__Task requirements__:
Would you please copy the part of the material below that opens with the line containing "시민행정신문 이존영 기자" and closes with the line containing "A refreshing glass"? Copy it exactly, and only it.

__Data under study__:
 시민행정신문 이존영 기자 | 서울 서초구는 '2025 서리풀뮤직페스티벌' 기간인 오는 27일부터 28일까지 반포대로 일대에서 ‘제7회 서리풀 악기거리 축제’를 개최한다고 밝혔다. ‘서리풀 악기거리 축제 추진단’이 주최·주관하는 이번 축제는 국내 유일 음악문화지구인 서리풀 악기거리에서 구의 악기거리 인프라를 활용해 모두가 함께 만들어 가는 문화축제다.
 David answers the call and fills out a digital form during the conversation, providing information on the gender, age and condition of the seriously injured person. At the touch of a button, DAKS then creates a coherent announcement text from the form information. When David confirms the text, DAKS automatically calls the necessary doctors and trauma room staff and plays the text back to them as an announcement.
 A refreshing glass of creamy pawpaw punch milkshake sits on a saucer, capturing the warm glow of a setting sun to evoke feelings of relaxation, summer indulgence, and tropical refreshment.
--
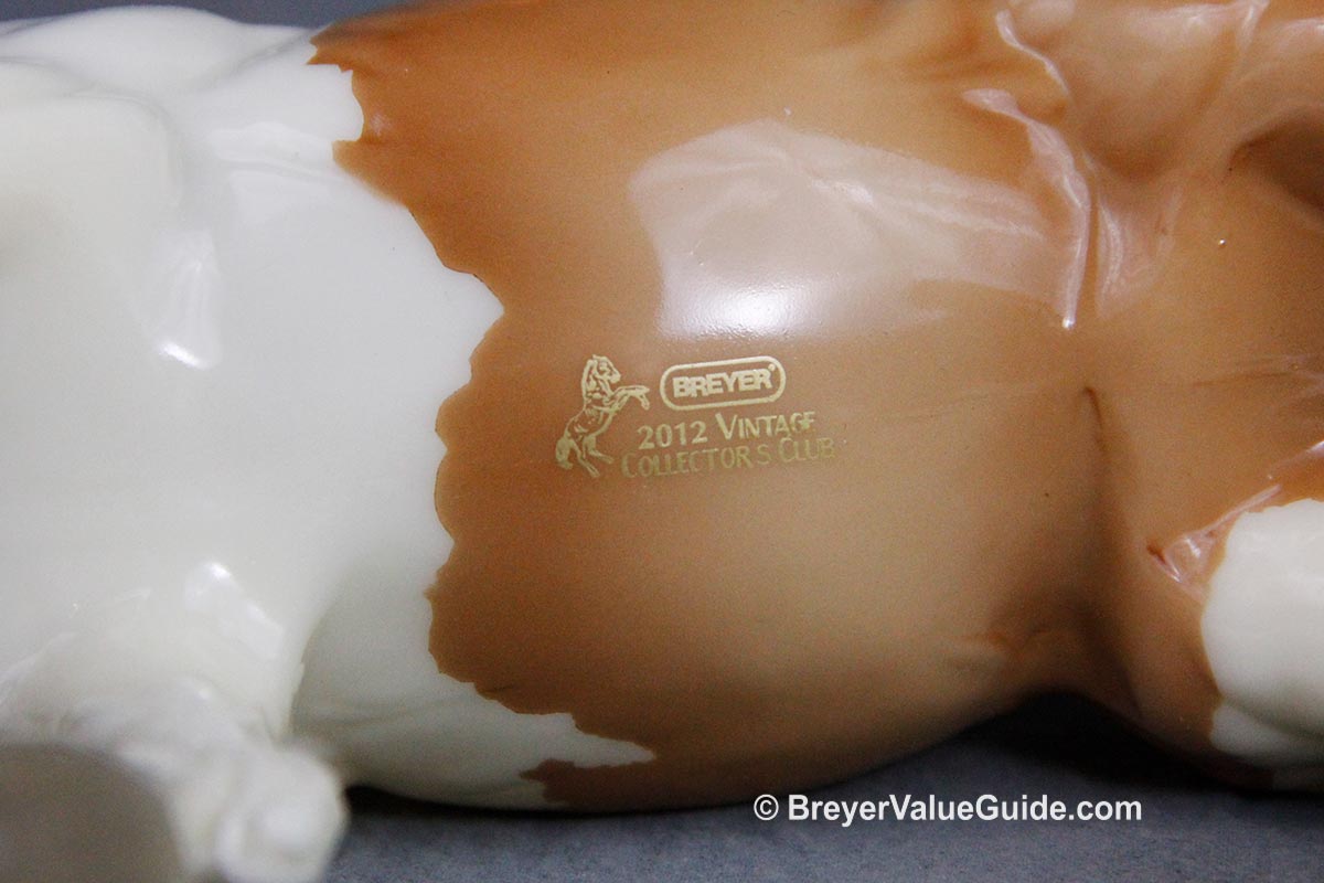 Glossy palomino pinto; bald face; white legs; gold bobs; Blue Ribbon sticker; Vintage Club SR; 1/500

__Answer section__:
 시민행정신문 이존영 기자 | 서울 서초구는 '2025 서리풀뮤직페스티벌' 기간인 오는 27일부터 28일까지 반포대로 일대에서 ‘제7회 서리풀 악기거리 축제’를 개최한다고 밝혔다. ‘서리풀 악기거리 축제 추진단’이 주최·주관하는 이번 축제는 국내 유일 음악문화지구인 서리풀 악기거리에서 구의 악기거리 인프라를 활용해 모두가 함께 만들어 가는 문화축제다.
 David answers the call and fills out a digital form during the conversation, providing information on the gender, age and condition of the seriously injured person. At the touch of a button, DAKS then creates a coherent announcement text from the form information. When David confirms the text, DAKS automatically calls the necessary doctors and trauma room staff and plays the text back to them as an announcement.
 A refreshing glass of creamy pawpaw punch milkshake sits on a saucer, capturing the warm glow of a setting sun to evoke feelings of relaxation, summer indulgence, and tropical refreshment.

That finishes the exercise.